Friday, February 20, 2009

I'm in the midst

of fleshing out an essay that treats Blake Butler's Ever (Calamari Press), and Shane Jones's Light Boxes (Publishing Genius Press), specifically, but also touches on a number of other books, writers, presses, and lit mags. I'm working with this earlier post that I wrote, that had to do with how people are saying that the publishing industry's tanking, etc., and how--well, basically how we're saving it, or we are the future of it, and that we're not trashy or cheap like the TIME author likes to think, but that we represent a new literary movement, one that is serious, artistically sound, and vital.

More on that to come. But first, some preliminary notes on the books mentioned above:

Ever: This is a book about insides. With a daring syntax reminiscent of an unfettered Kerouac, a Visions of Cody Kerouac, Butler details the interior of a woman's mind, her house, her perceptions of her neighbors, the inside of light. If you looked up "nuance" in the dictionary in 2010, the entry would contain the full-text of Ever. Subtlety is the game here--potentially surprising to those familiar with Butler's baby-themed stories. The text is set off by architecturally-fascinating pieces by Calamari Press frontman Derek White. Without drawing away from the story, the images move the eye, like light, like a woman and her bathtub titties. At the end of this one, just like the narrator, you'll experience a "slow baptism," the insides of your insides on the outs.

Light Boxes:
Atmospheric a la Marilynne Robinson's Housekeeping. Here's a fresh voice/perspective coming out of the indy-press scene. Shane Jones does not disappoint in this new take on a fairy tale/fantasy. Jones draws you into a cold, flightless, child-filled world where the season never ends, the above-mentioned children drill underground tunnels, and twist the heads of owls, and even the villains are heart-achingly cared-for. This book makes creative use of white space that suggests the snowy planes of its setting. Some of the font play is clever, such as smaller sizes used for characters when they whisper, but probably unnecessary.

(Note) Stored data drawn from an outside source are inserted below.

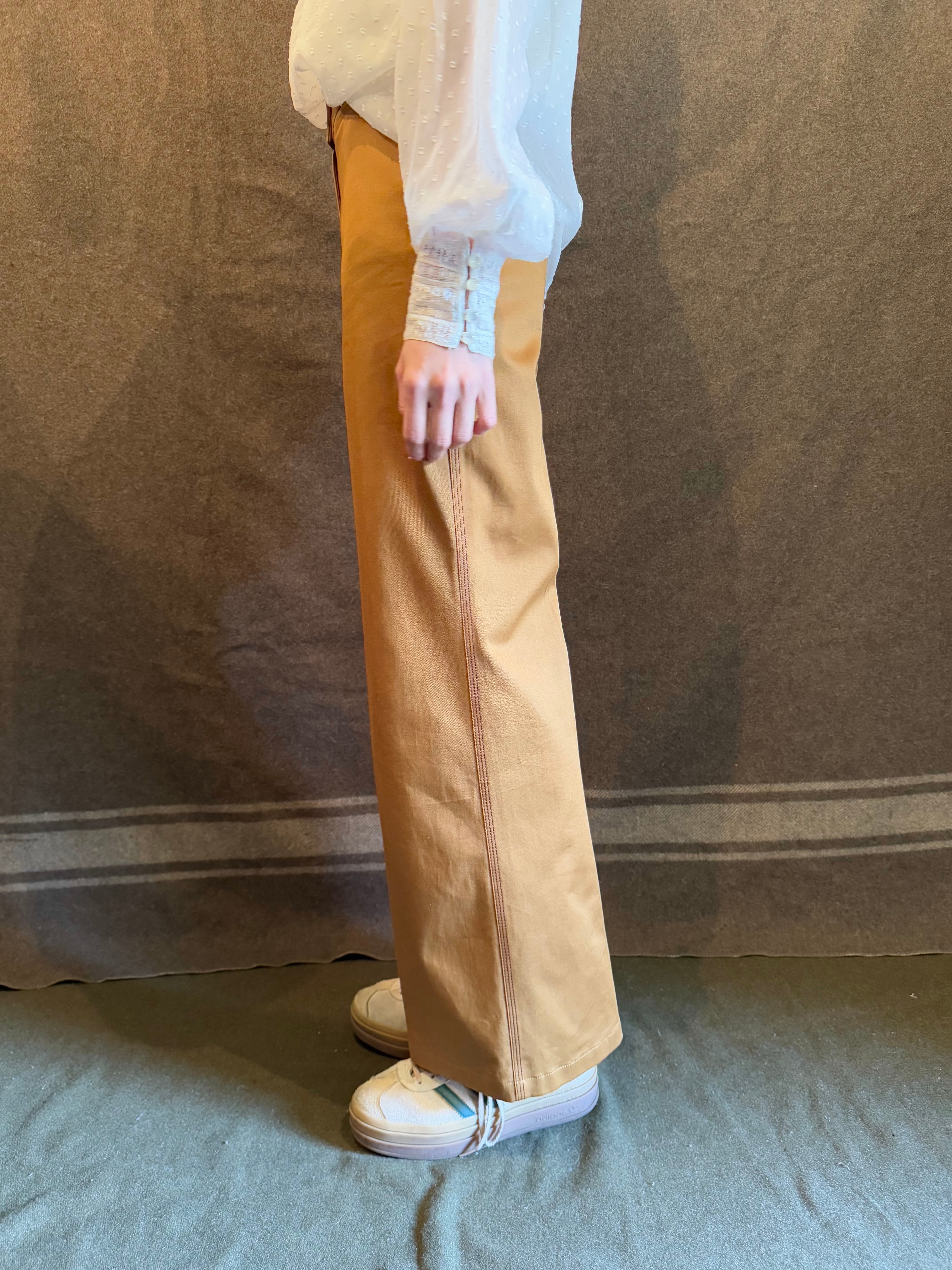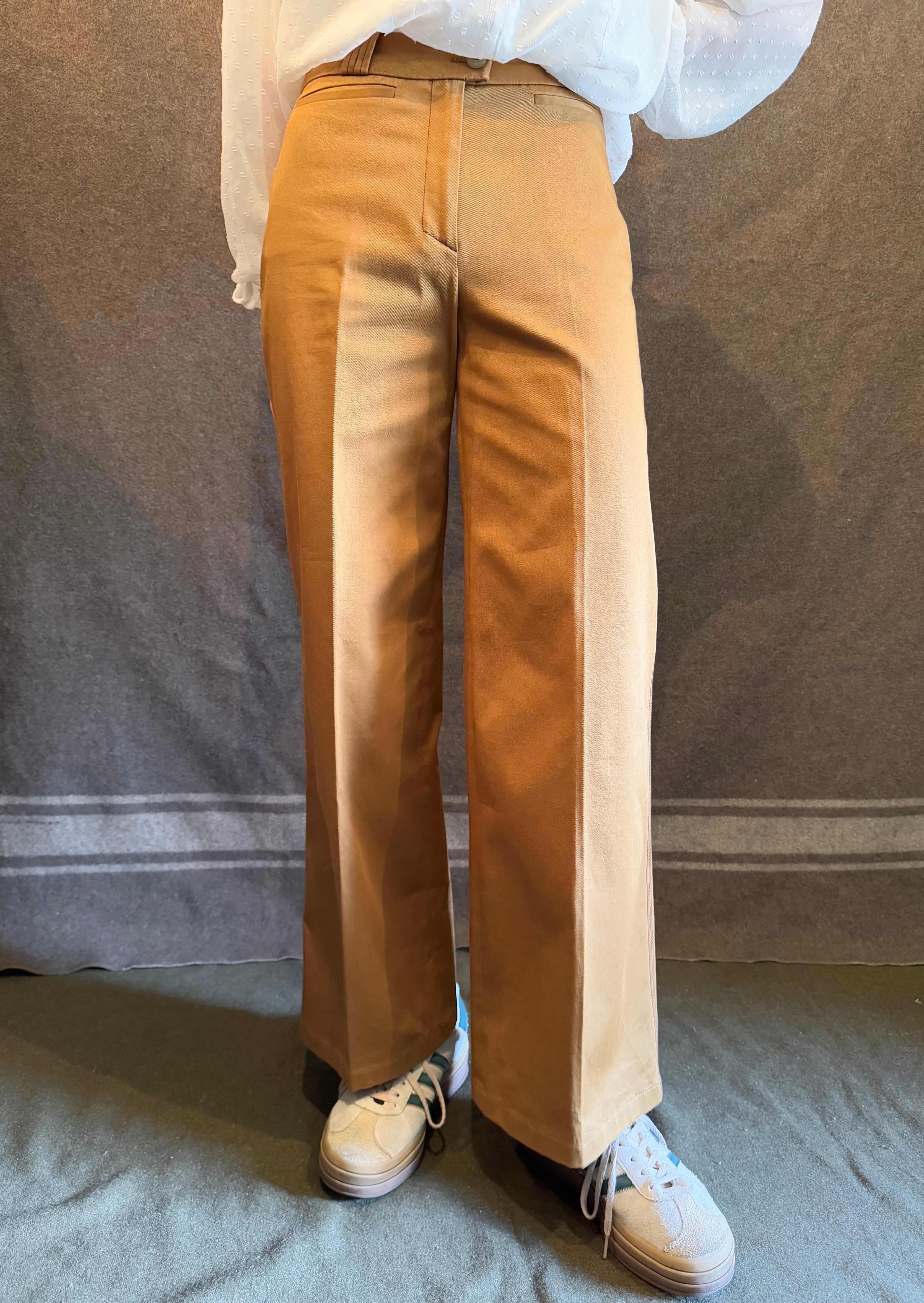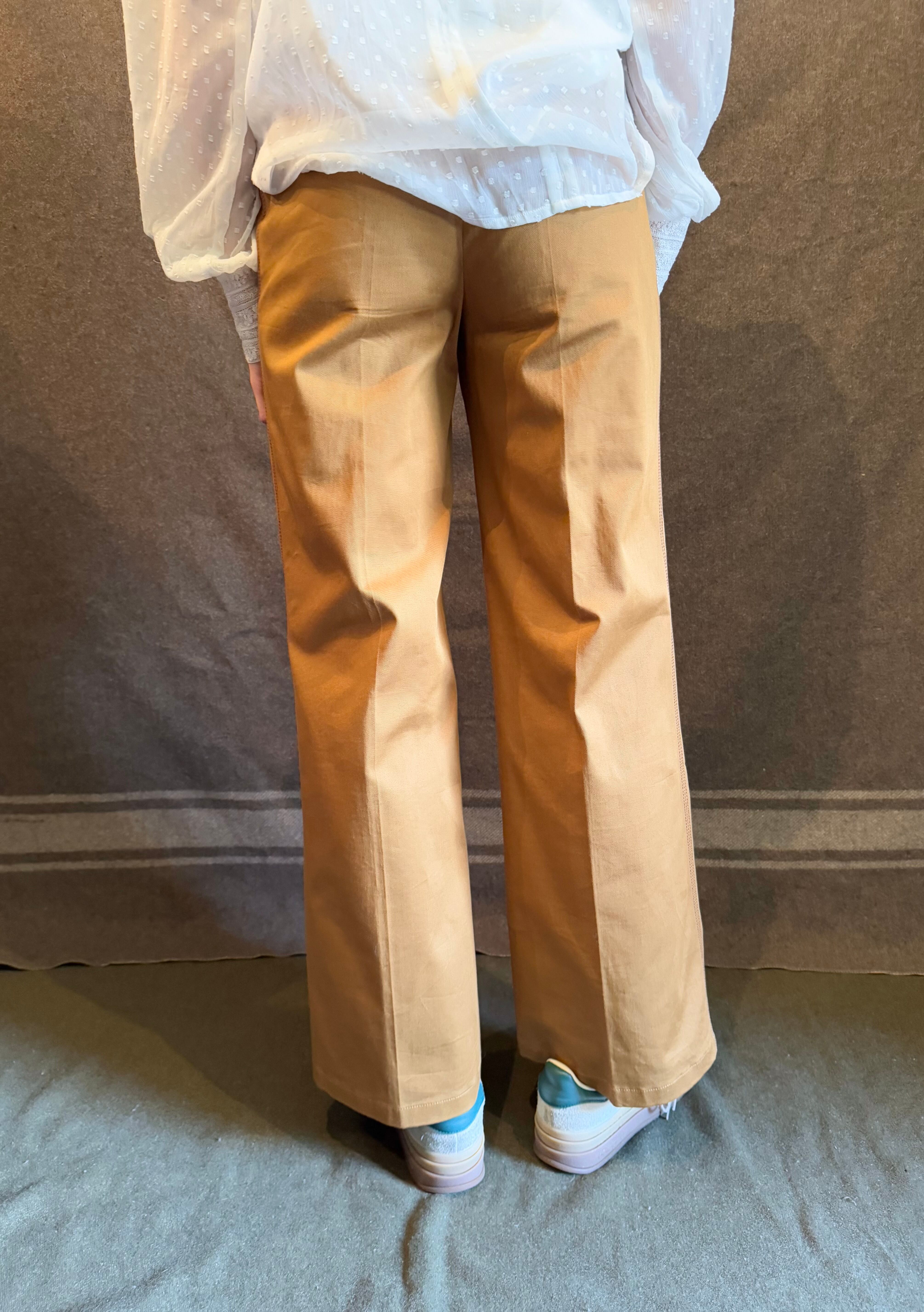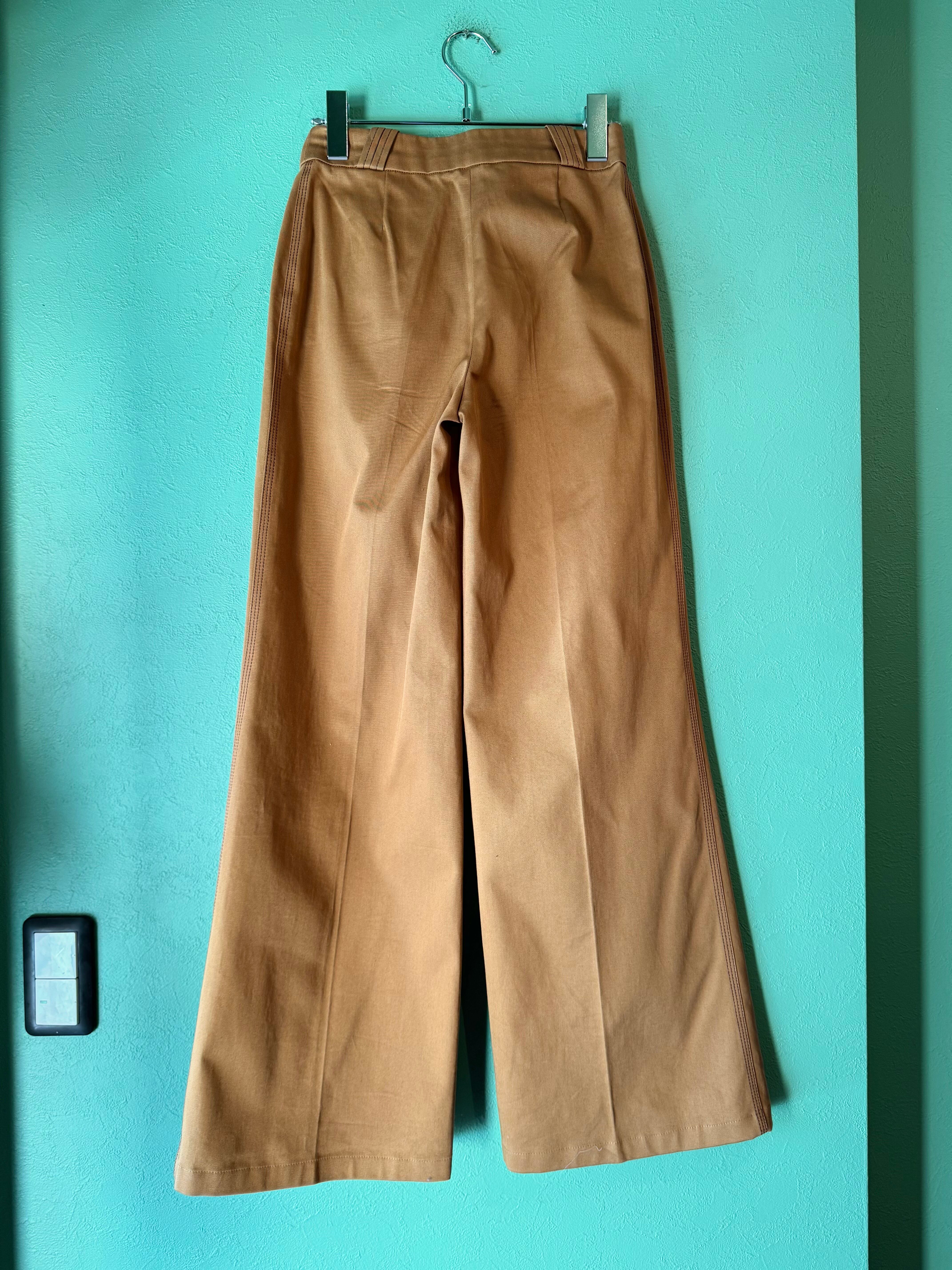 こちらはブラウンベージュカラーに裾に向かうにつれややフレアしたワイドパンツ。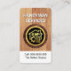 Auf einer Holzschicht befindet sich ein Rundholzplakat in der Nähe des Zentrums, auf dem sich ein goldenes Logo "Handyman-Zuhause" befindet. Ganz oben steht der Firmenname "HANDYMAN SERVICES", den Sie mit den Kontaktdaten am Boden, in einer weißen Schicht, ändern können. Auf der Rückseite, in einem weißen Umschlag, ist das goldene Logo oben. Danach folgen Ihr Name und die Kontaktdaten. Eine großartige Karte für Handwerker, Zimmerleute, Gebäude-Auftragnehmer.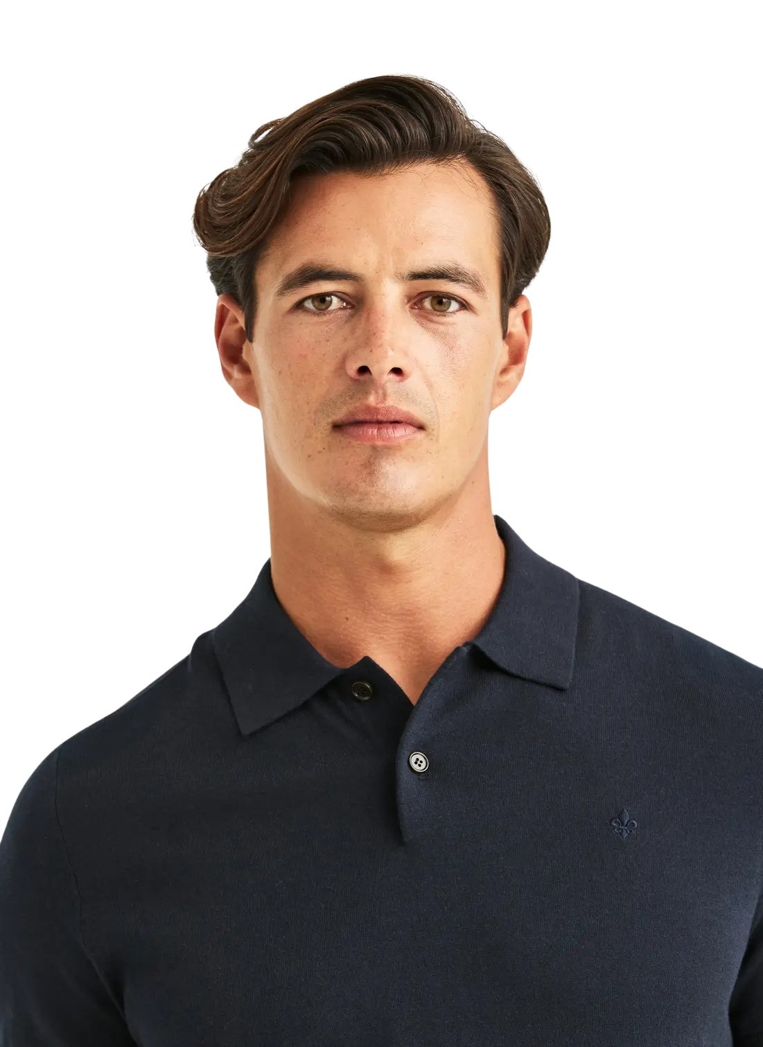Riley SS Polo fra Morris Stockholm. En klassisk polo i myk og pustende bomull. Den har en ren og elegant silhuett som passer like godt til hverdags som til mer velkledde anledninger. Den broderte Morris-liljen på brystet gir et diskret og tidløst preg.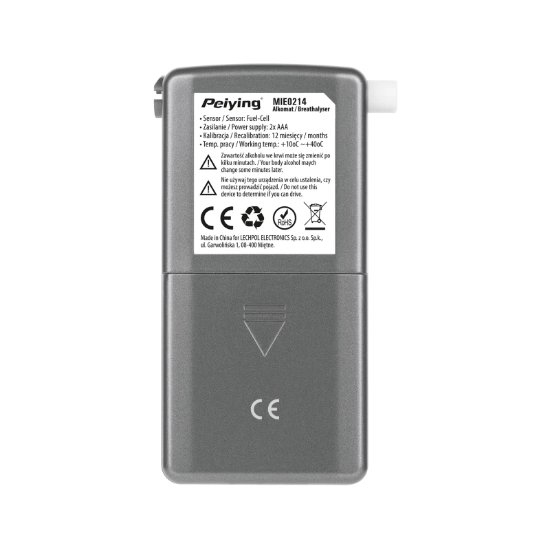 Reliable Measurements The new generation electrochemical sensor in the Peiying KT-571 breathalyzer, combined with wide functionality, guarantees a precise reading with an accuracy of up to 0.005%. An additional advantage of the device is the ability to change measurement units to %, ‰ or mg/L and the function of memorizing the last five measurements.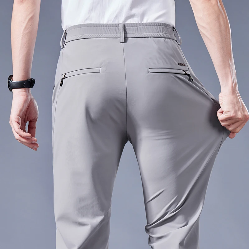 Summer Joggers Men Thin Ice Silk Fabric Four-sided Elastic Casual Pants Cargo Trousers Streetwear Sweatpants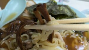 メンマも他のちゃん系店と同じく濃い醤油色に漬かっておりますが、しょっぱさとくどさはなく味付けは以外にも控えめでコリコリした食感は相変わらずたまんないです。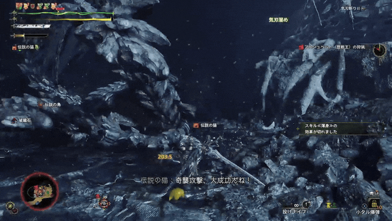 | 【アクション】 | 【奇襲攻撃】→【気刃溜め】→【気刃大回転斬り】→【特殊納刀】→【居合抜刀気刃斬り】 |
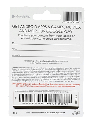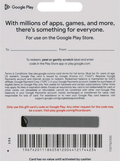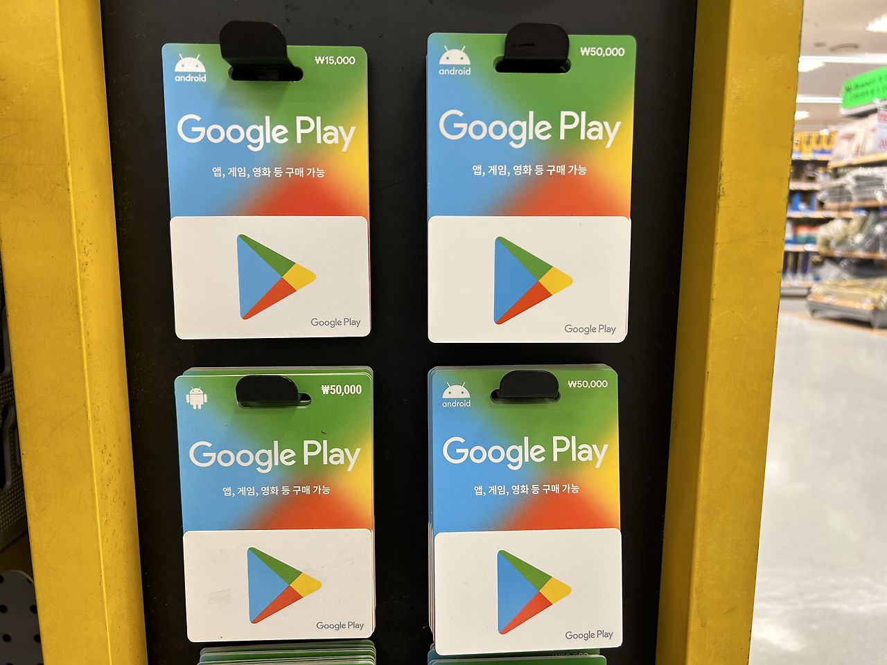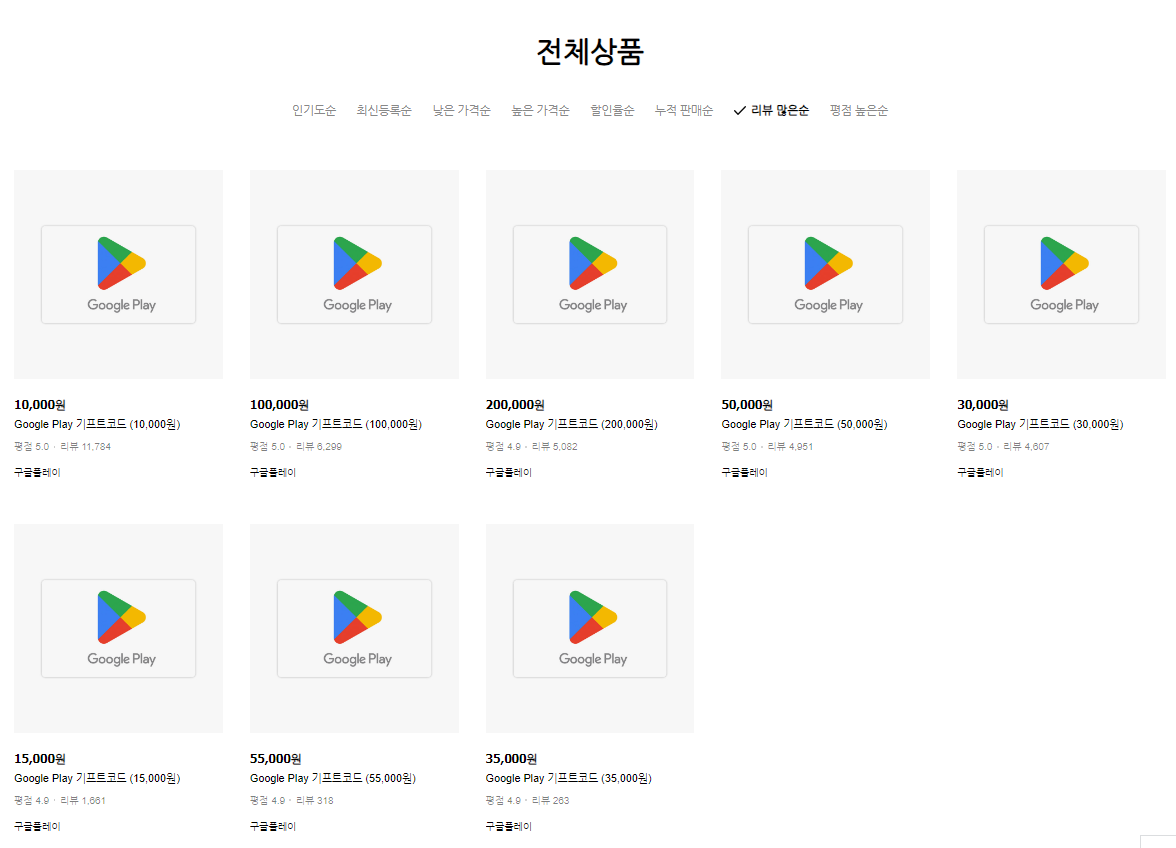 구글 기프트카드(Google Play Gift Card)는 구글플레이 스토어에서 현금처럼 사용할 수 있는 선불 카드입니다. 금액은 5천원, 1만원, 3만원, 5만원, 10만원 단위 등으로 다양하게 판매되며, 편의점, 마트, 온라인 쇼핑몰에서 구매할 수 있습니다.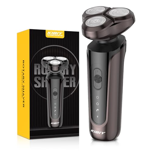 Kibiy Electric Razor for Men, Electric Shavers Men Cordless Rechargeable Rotary Shaver, IPX7 Waterproof Mens Electric Razor Wet & Dry Use 90min Shaving Time Magnetic Shaving Head and 2 Shaving Modes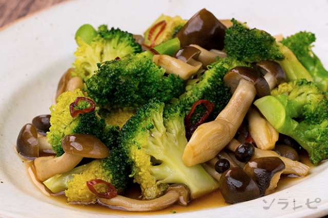 食欲そそるピリ辛ブロッコリーとしめじの酒蒸し風のレシピ 健康レシピと献立のソラレピ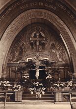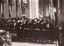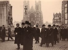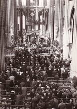 De Sint Petrus en Pauluskerk, een begrafenismis is bezig. Vooraan links, Pierre Van Outryve d'Ydewalle, provinciegoeverneur. Rechts, minister P.W. Segers. Op de tweede rij, burgemeester Henri Serruys

However, in a Nora Roberts, Denis Johnson (the new, boring, and predictable D.J.), and Stephen King-littered literary world, Jones's voice and insight are a welcomed spring from the winter readers have long been subjected to.

I can't say too much now, since the place this will likely be published doesn't accept work that's previously appeared on blogs. I would like to focus on a 3rd book, and have soem ideas of my own, but if anyone reading this has suggestions, I'd love to hear them.

Thursday, February 19, 2009

I'm going to add to the list of nice things to be said about things

Rauan Klassnik said this about my chapbook, When I Moved to Nevada:

"this book is very and wonderfully Denis Johnson. Good Denis Johnson. If you're a fan of Jesus' Son then Jamie's chapbook is definitely for you."

That's spot on---as Jesus' Son was a major influence on me as a writer and on this book indirectly.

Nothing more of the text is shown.